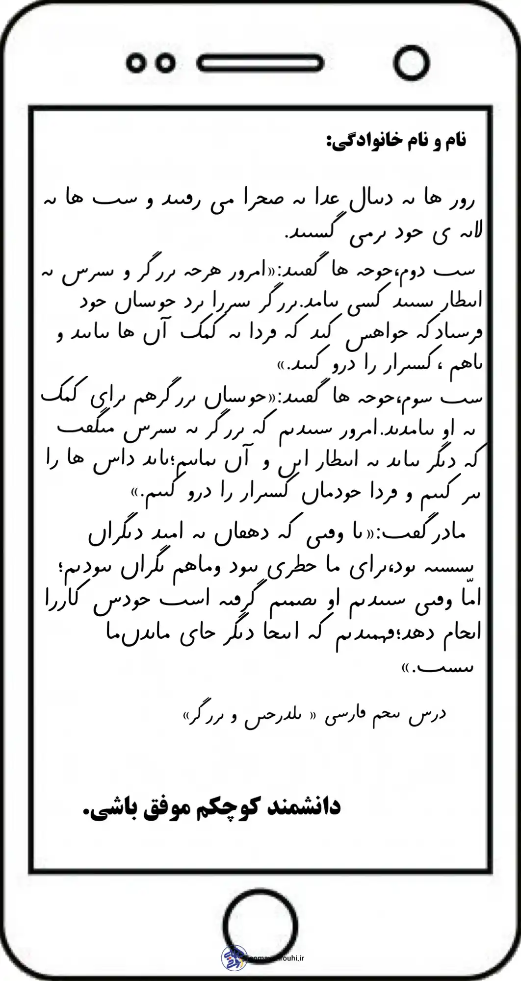 مشاهده بزرگ کاربرگ آزمونکاربرگ های پایه دومکاربرگ های فارسی پایه دوم آزمون فارسی درس ۱ تا ۷ کلاس دوم دبستان
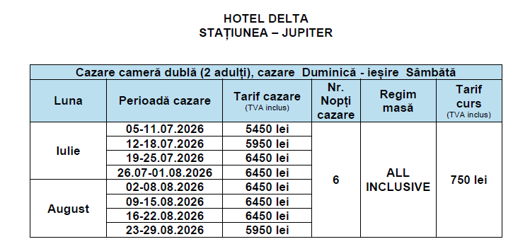 CURSURILE ORGANIZATE LA HOTELUL DELTA DIN STAȚIUNEA JUPITER SUNT:
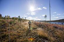 Beskrivning: Intraprenad. Man i skogen, efter avverkning, hygge, människa
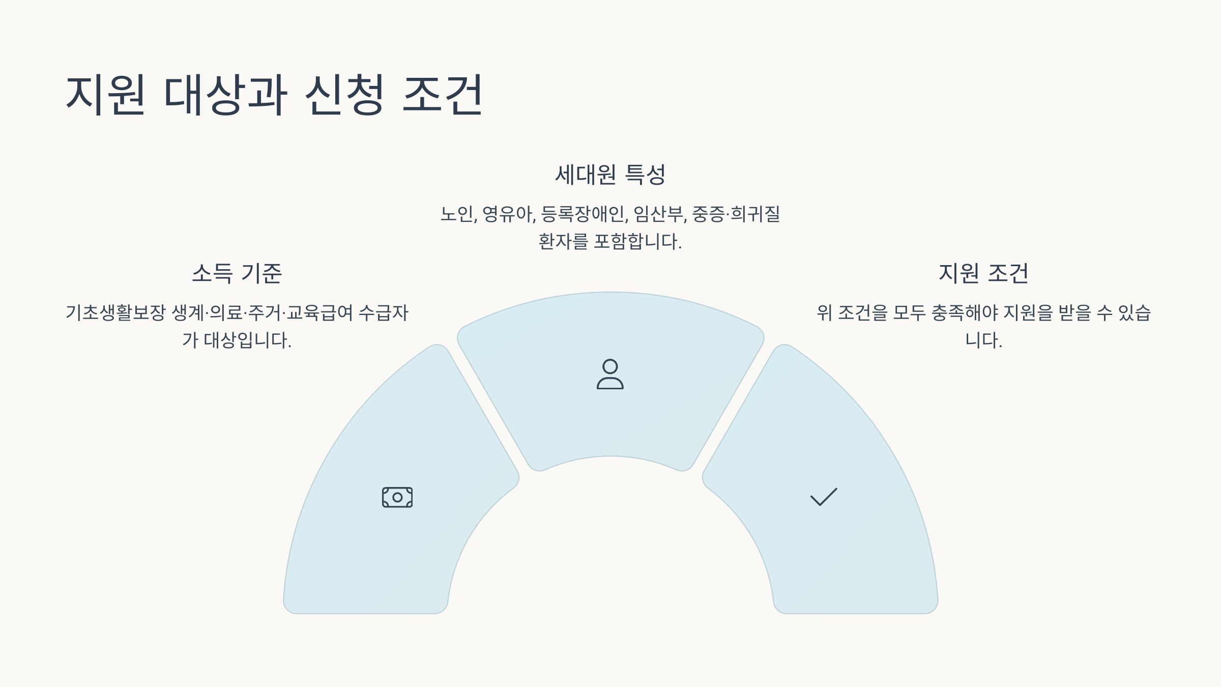 대상자는 해마다 변동될 수 있으니, 해당 연도의 기준을 반드시 확인하고 신청하는 게 좋아요. 관할 주민센터나 복지로 홈페이지에서 기준 확인이 가능하답니다!
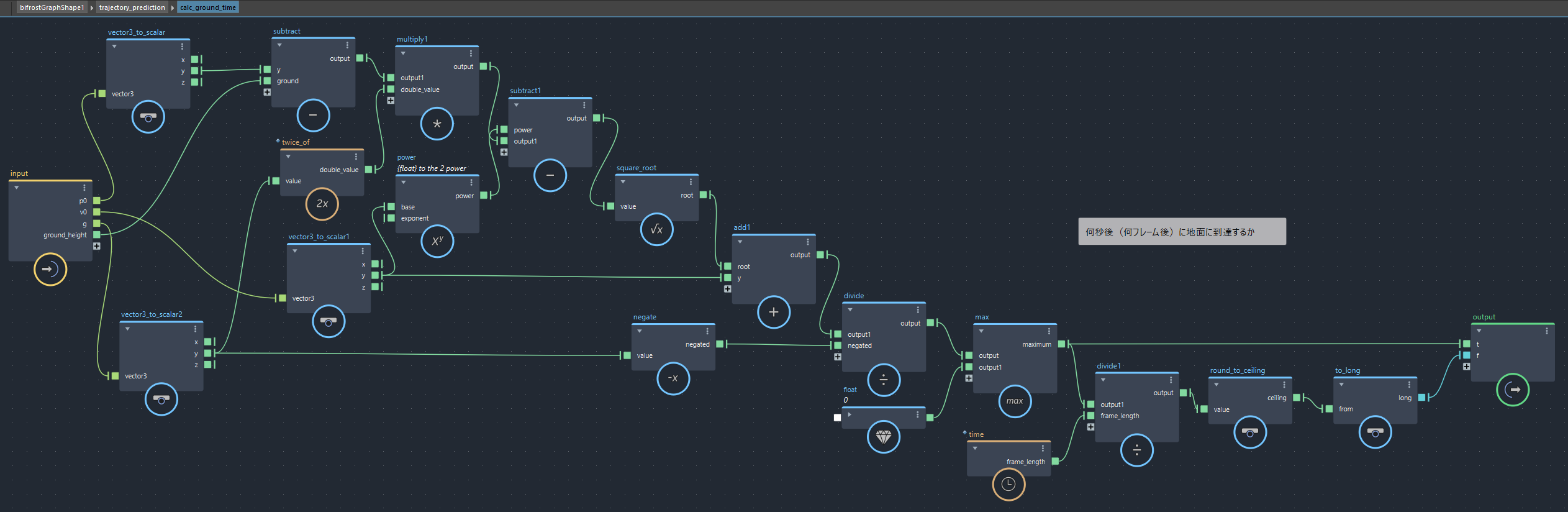 最後のおまけ機能、軌道予測は『地面から離れた瞬間の位置と速度を元に将来の軌道と落下地点を予測する』機能です。これを正確に守ってアニメーションさせる必要はないですが、例えば“ジャンプの勢いが小さかったわりに長距離を飛びすぎている”などの不自然さを視覚化しやすくなります。
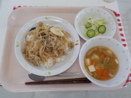 本日の給食は、豚丼・みそ汁・ひとしお野菜・牛乳です。
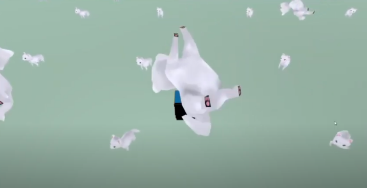 학습을 시작하기 전, 모든 관절에 랜덤한 값을 주어 움직이게 한 모습이다. 이때 Joint Driver의 미숙한 사용으로 버그가 있어서, 꼬리 관절이 초기화되지 않아 학습의 다음 Step에서 고양이가 하늘로 날라가는 버그가 있었다. 사진은 버그로 고양이가 날라가는 모습이다.
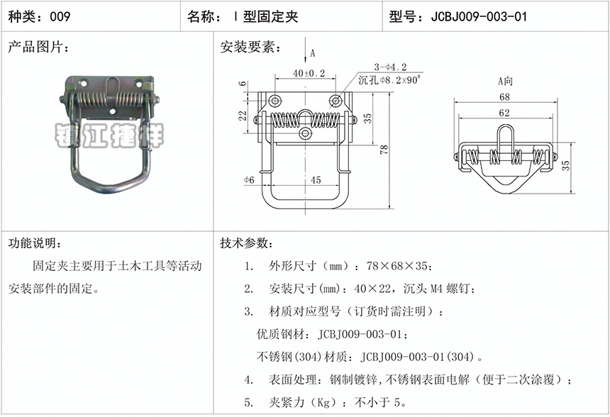 I型固定夹
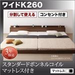 フロアベッド ワイドキング260(SD+D)【スタンダードボンネルコイルマットレス付】フレームカラー:ウォルナットブラウン マットレスカラー:ホワイト 将来分割して使える・大型モダンフロアベッド LAUTUS ラトゥース
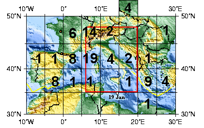 Since 15 January the closest that any earthquake was to Canneto was about 186 nautical miles due South in the central Mediterranean (Lat 34.9N Long 14.4E). The location of that earthquake, which occurred on 19 January, is shown as a white dot on the map below. The author is not familiar with the earthquake history around Sicily but thinks it odd that with all the volcanoes in the area, no quakes with magnitude greater than 1.0, closer than the one just mentioned, have occurred on or close to Sicily since mid January. The total numbers of earthquakes (in 5 degree Latitude by 5 degree Longitude bins) are shown for February 2004. (These totals represent quakes which were less that 1000 nautical miles from Canneto. Quakes in Portugal and in the westernmost part of Spain were not used in the totals.)
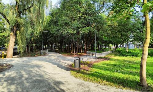 Obszar wypełniają kwatery nasadzeń w formie przyjaznych owadom łąk kwietnych oraz grup krzewów – głownie jeżyn i berberysu, a także szpalery drzew, pomiędzy którymi wytyczono żwirowe alejki. Mur oporowy przy strefie brzegowej rzeki Białej i Straconki zabezpieczony został balustradą Obszar wyposażono w obiekty małej architektury tj. ławki, stojaki na rowery, kosze na odpadki oraz umiejscowiono kontenerową toaletę miejską. Na całym trenie wykonano oświetlenie parkowe a także zlokalizowano tablice edukacyjne, lokalizacyjne i gatunkowe, wskazujące cenne gatunki drzew. Ponadto umiejscowiono dodatkowe elementy podnoszące wartość ekologiczną terenu w formie domków dla owadów oraz budek dla ptaków i nietoperzy.
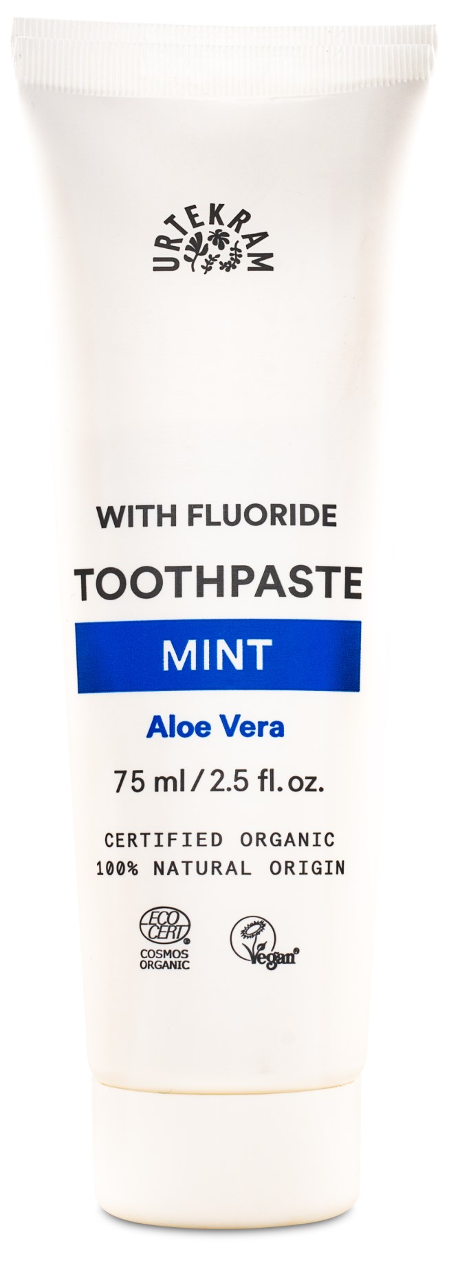 Urtekram Tandpasta med Flour er en god fluortandpasta baseret på naturlige og vegetabilske ingredienser med økologiske ingredienser, hvor det er muligt. Dette inkluderer pleje fra aloe vera og mentol. Fluor hjælper med at forhindre karies (huller i tænderne) og er blevet brugt i tandpasta i over 70 år. Aloe vera har en gavnlig virkning på tandkødet, og menthol giver en frisk smag til munden og en frisk ånde. Urtekrams fluortandpasta kan bruges som din daglige tandpasta.

──────────

— WHAT NEEDS TO BE DONE —
Transcribe only the lines above that start at the line containing "Beskrivning: Intraprenad. Man" and end at the line containing "Since 15 January". Omit pictures.

— RESULT OF THE EXERCISE —
 Beskrivning: Intraprenad. Man i skogen, efter avverkning, hygge, människa
 대상자는 해마다 변동될 수 있으니, 해당 연도의 기준을 반드시 확인하고 신청하는 게 좋아요. 관할 주민센터나 복지로 홈페이지에서 기준 확인이 가능하답니다!
 最後のおまけ機能、軌道予測は『地面から離れた瞬間の位置と速度を元に将来の軌道と落下地点を予測する』機能です。これを正確に守ってアニメーションさせる必要はないですが、例えば“ジャンプの勢いが小さかったわりに長距離を飛びすぎている”などの不自然さを視覚化しやすくなります。
 本日の給食は、豚丼・みそ汁・ひとしお野菜・牛乳です。
 학습을 시작하기 전, 모든 관절에 랜덤한 값을 주어 움직이게 한 모습이다. 이때 Joint Driver의 미숙한 사용으로 버그가 있어서, 꼬리 관절이 초기화되지 않아 학습의 다음 Step에서 고양이가 하늘로 날라가는 버그가 있었다. 사진은 버그로 고양이가 날라가는 모습이다.
 I型固定夹
 フロアベッド ワイドキング260(SD+D)【スタンダードボンネルコイルマットレス付】フレームカラー:ウォルナットブラウン マットレスカラー:ホワイト 将来分割して使える・大型モダンフロアベッド LAUTUS ラトゥース
 Since 15 January the closest that any earthquake was to Canneto was about 186 nautical miles due South in the central Mediterranean (Lat 34.9N Long 14.4E). The location of that earthquake, which occurred on 19 January, is shown as a white dot on the map below. The author is not familiar with the earthquake history around Sicily but thinks it odd that with all the volcanoes in the area, no quakes with magnitude greater than 1.0, closer than the one just mentioned, have occurred on or close to Sicily since mid January. The total numbers of earthquakes (in 5 degree Latitude by 5 degree Longitude bins) are shown for February 2004. (These totals represent quakes which were less that 1000 nautical miles from Canneto. Quakes in Portugal and in the westernmost part of Spain were not used in the totals.)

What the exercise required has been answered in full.